Но закончилась диковинная затея очень скоро. Оранжерея, еще не достроенная, рухнула, ученый садовник, не дождавшись обещанного жалованья, сбежал, семена не взошли, цветы не распустились, но зато остались фамилии и еще немалые долги Сулахина. Но тот не успокоился, занял у соседей денег и решил заняться коневодством, но из этого начинания также получился громкий пшик, лишь увеличивший долги. Много еще чего пытался Сулахин строить, выращивать и даже сомов разводить в старом пруду – кругом осечка. В конце концов разорился в прах. И принялся тогда выбивать недоимки со своих крестьян. Собственноручно выбивал, кулаками. Деду, как иным прочим, тоже не один раз доставалось. Но мужику надоело получать оплеухи, он сел в своей избенке на лавку, задумался крепко и – придумал! Явился вскоре к Сулахину и выложил перед ним конскую упряжь – узда, шлея, вожжи… И все эти изделия с медными блестящими наклепками, с ажурно выкованными колечками, крепкой дратвой, мелкими стежками, прошитые, играли, светились, будто яркие бусы, предназначенные для нежной девичьей шеи, а не для коня. Сулахин смотрит и не понимает – какая с этих украшений польза?
А вот какая, терпеливо разъяснял ему дед, надо с этой сбруей съездить в уездный город, где конный полк стоит, и показать ее господам военным. Вдруг поглянется? Если поглянется да если деньги за нее платить станут, дед таких изделий нашьет на три полка. Сулахин, конечно, ни одному слову не поверил, деда обозвал дураком, но долги подпирали, будто нож под горло, и он, поразмыслив, схватился за эту упряжь, как тонущий человек хватается за любую веточку – лишь бы под воду не уйти. Взял с собой деда и отправился вместе с ним в полк. Упряжь военным понравилась. Ее тут же купили и еще заказали.
Пошло дело!
Через пять-шесть лет Гиацинтов мог не только за себя, но и за всю деревню, которая теперь на него работала, недоимки заплатить. Да что там недоимки! Он теперь и самого Сулахина мог купить со всем его имением и с потрохами. Еще несколько лет прошло, и в деревне настоящая шорная фабрика появилась. Две дочери Гиацинтова замуж ушли, на сторону, а сын Игнат оставался при отце и родительское наследство крепко забирал в руки, приумножая его год от года.
Сулахин помер, пресытившись от спокойной жизни наливками, Гиацинтовы получили вольную и, развернувшись в полную силу, перебрались в Москву, где старший из них тихо и спокойно ушел на восьмом десятке в иной мир, успев еще дождаться двух внуков – старшего Антона и младшего Владимира.

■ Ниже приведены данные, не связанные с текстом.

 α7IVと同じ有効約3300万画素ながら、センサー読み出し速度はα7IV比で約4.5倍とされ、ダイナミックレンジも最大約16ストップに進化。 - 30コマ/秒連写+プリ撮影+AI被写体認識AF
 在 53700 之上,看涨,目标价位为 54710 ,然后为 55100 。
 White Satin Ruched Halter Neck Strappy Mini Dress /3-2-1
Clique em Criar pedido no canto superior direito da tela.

Братья с самого рождения уже иной жизнью жили: сначала их дома учителя учили, затем они оба гимназию закончили, правда, Антон, получив похвальный лист, вставил его в рамку под стекло, повесил на стену и сказал: в Библии написано, что многие знания умножают скорбь, правильно написано… И впрягся в отцовское дело, как ломовой конь. Владимир все по-иному решил: заявил, что слышать даже не желает о коммерции, а желает изучать изящные науки – историю и филологию. И поступил в университет. Родитель ему не препятствовал, потому как, схоронив к тому времени тихую и безответную супругу, он перебрался в отдельный домик, где и проводил большую часть времени в молитвах. Скончался он, стоя на коленях перед иконами.

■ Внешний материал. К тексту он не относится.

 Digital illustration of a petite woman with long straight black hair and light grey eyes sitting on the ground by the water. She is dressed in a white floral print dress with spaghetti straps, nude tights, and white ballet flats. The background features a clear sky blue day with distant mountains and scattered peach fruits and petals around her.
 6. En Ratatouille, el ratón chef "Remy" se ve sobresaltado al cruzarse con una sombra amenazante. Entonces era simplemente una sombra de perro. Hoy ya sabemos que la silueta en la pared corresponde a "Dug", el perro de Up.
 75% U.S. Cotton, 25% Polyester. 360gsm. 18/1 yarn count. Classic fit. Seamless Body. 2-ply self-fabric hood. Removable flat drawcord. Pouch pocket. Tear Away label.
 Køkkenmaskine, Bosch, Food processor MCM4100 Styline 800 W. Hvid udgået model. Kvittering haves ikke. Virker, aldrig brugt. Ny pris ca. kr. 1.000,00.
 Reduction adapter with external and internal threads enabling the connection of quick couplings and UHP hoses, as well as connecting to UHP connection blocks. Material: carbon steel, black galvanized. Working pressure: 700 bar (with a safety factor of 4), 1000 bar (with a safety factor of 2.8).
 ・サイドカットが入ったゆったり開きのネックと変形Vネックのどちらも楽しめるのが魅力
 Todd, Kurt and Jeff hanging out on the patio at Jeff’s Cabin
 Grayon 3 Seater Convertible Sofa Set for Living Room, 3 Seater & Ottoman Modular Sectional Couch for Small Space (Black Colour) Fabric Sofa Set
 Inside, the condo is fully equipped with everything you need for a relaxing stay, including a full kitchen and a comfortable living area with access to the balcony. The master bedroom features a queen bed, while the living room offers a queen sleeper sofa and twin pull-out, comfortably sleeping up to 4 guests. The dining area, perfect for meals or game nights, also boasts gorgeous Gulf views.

Досталось братьям Гиацинтовым от упокоившегося родителя огромное наследство: три шорных фабрики, склады, магазины, и, соответственно, немалые деньги. При таком соблазнительном раскладе в купеческих семьях частенько случались нестроения: ссориться начинали из-за наследства, а порою и враждовать, не на жизнь, а на смерть. Братья Гиацинтовы решили все тихо и мирно, полностью доверяясь друг другу: налаженное, прибыльное дело дробить не стали, оно полностью, в целом виде, находилось в руках Антона, а Владимир со своей доли получал деньги на жизнь, не зная отказа. Учился он легко, играючи, университетское вольнодумство его не прельщало: пару раз побывав на шумных студенческих сходках и послушав зажигательные речи о свободе, он пришел к выводу, что действо это чрезвычайно скучное; но молодая, буйная энергия требовала выхода, и выход этот появился сам собой: случайно Владимир познакомился с молодыми офицерами из гвардейского полка, быстро с ними сдружился и стал без устали совершенствоваться в конных скачках и в стрельбе, совершенно забросив учебу в университете, которая не прельщала его теперь никоим образом.

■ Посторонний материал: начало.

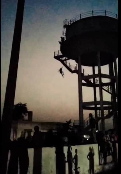 सरायमीर थाना क्षेत्र के शेरवां गांव के पास पानी की टंकी पर चढ़ा युवक अचानक संतुलन बिगड़ने से नी
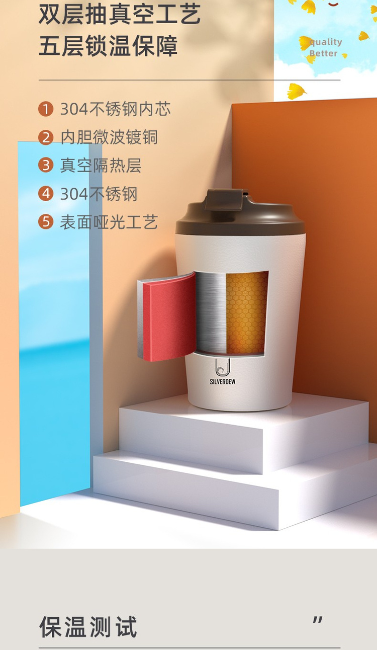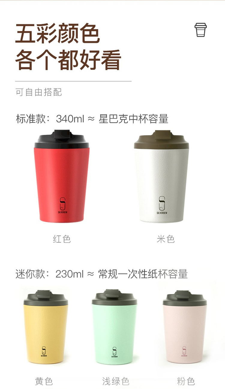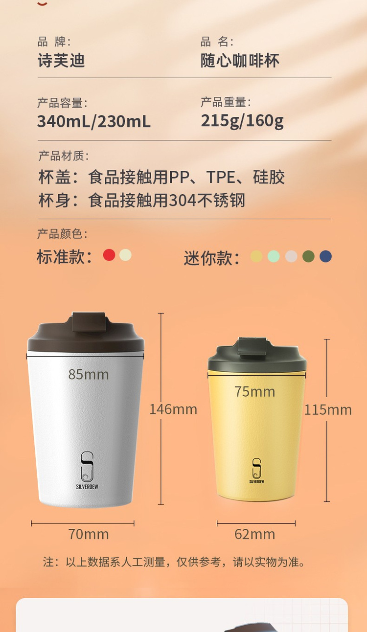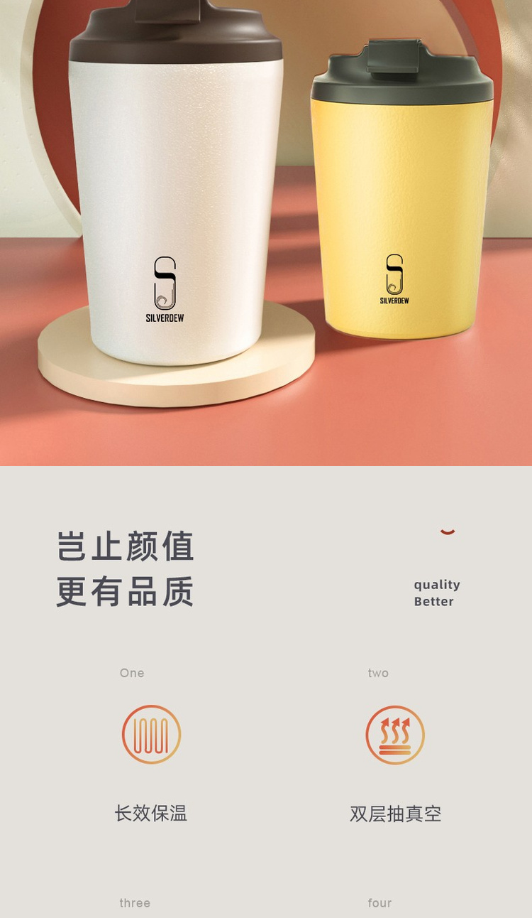 诗芙迪(SILVERDEW)230ml保温咖啡杯便携男女随行杯办公室双层不锈钢车载带盖杯
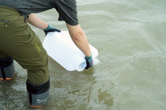 | ▲ 원자력안전위원회는 4일 최근 제기되는 북한 평산 우라늄 정련공장 폐수 문제와 관련해 시료 채취를 위해 한국원자력안전기술원(KINS) 전문가들을 강화도 현장에 파견했다고 밝혔다. 이날 시료 채취는 6개 지점에서 이뤄졌으며, 시료는 KINS 분석실로 옮겨져 세슘 및 우라늄과 중금속 오염 여부에 대한 정밀 조사가 이뤄질 예정이다. 사진은 이날 강화도에서 한국원자력안전기술원 전문가가 시료 채취하고 있는 모습. |
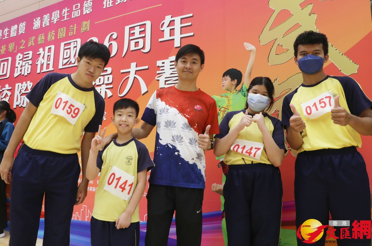 詹浩佳(中)、許詠詩(右二),圖源:香港文匯報 患有輕度智障、來自道慈佛社楊日霖紀念學校的展能組參賽者許詠詩表示,剛開始學習武藝操時,的確感覺有些難度,“架擋、踢腳等動作比較複雜,但過程間也覺得很有趣。”因此詠詩從未想過放棄,更是在每周約五次武藝訓練的刻苦努力下,詠詩進步神速。她覺得習武的這段日子裏,自己的氣質和體魄都有所提升,過程間也是加深了對中華文化的認識。 體育老師詹浩佳續指,同學們在學習武藝操時,會接觸不少中國傳統禮儀,例如抱拳禮等,有助培養學生品德禮貌。以往國民教育大多數都側重於知識層面,隨着武藝計劃的推廣,於體育課融入中國文化元素,令國民教育動靜結合,比以往更加完備,“同學在學習武藝後,對於國家的歸屬感亦有所提升!” 香海正覺蓮社佛教普光學校的劉俊鴻老師表示,學習武藝操有助訓練同學們的紀律性、方向性和節奏性,也是有助提升學生的身心素質,以及培養他們對國家認知和歸屬感。學校未來會進一步優化武藝文化的教學,以更好地引導學生吸收和了解中華傳統的德藝文化。 (完) 【編輯:王軼南】
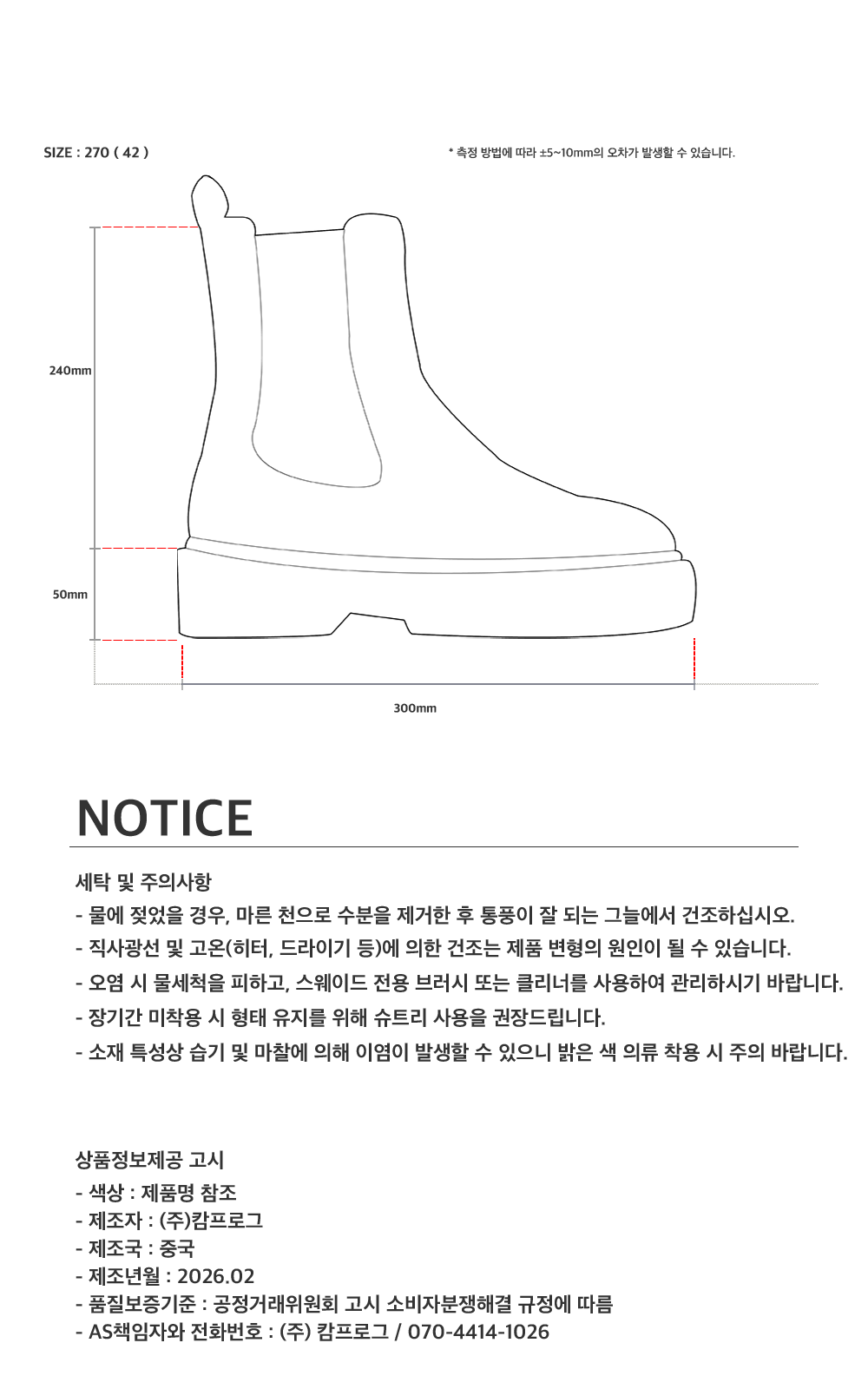 측정 방법에 따라 사이즈에 일부 오차가 있을 수 있습니다.
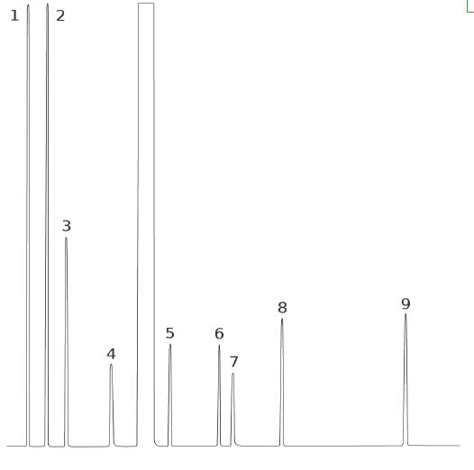 升温程序:35℃ , 2.5℃ /min, 130℃ 载气:氢气 , 40 kPa

Манифест о войне с Японией был воспринят Владимиром с великой радостью – он расстался с университетом, получил погоны вольноопределяющегося и отправился на театр военных действий, прихватив с собой винчестер, полученный в подарок за честную победу над англичанином. Антон, провожая его на вокзале, молчал, ничего не говорил, только отворачивался время от времени и украдкой вытирал слезы – братья, при всей своей разности характеров, очень любили друг друга.
И вот теперь, встретившись после долгой разлуки, в родном доме, они сидели вдвоем за столом, и Владимир рассказывал Антону о своих злоключениях, которые выпали на его долю. Рассказывал совсем не так, как полковнику Абросимову – по-военному четко и коротко, а подробно и обстоятельно, будто заново переживал и японский плен, и долгие скитания.
Антон внимательно слушал, ничего не переспрашивая, теребил короткими сильными пальцами окладистую русую бороду и лишь изредка кивал головой. За прошедшее время, пока они не виделись, старший брат заматерел, огрузнел, и даже походка у него изменилась: ходил медленно, осторожно, будто всякий раз нащупывал под собой опору, боясь оступиться.
– Теперь, братец, давай выпьем за окончание моей одиссеи, а дальше я тебя кое о чем поспрашиваю… – Владимир поднял рюмку с золоченым ободком, и Антон, чокаясь с ним, добавил:
– За твое возвращение, Володя, и за твоего Федора, дай ему Бог здоровья. Поговорил я с ним, пока тебя ждали, чистая душа у парня… Ладно, чтоб все печали миновали!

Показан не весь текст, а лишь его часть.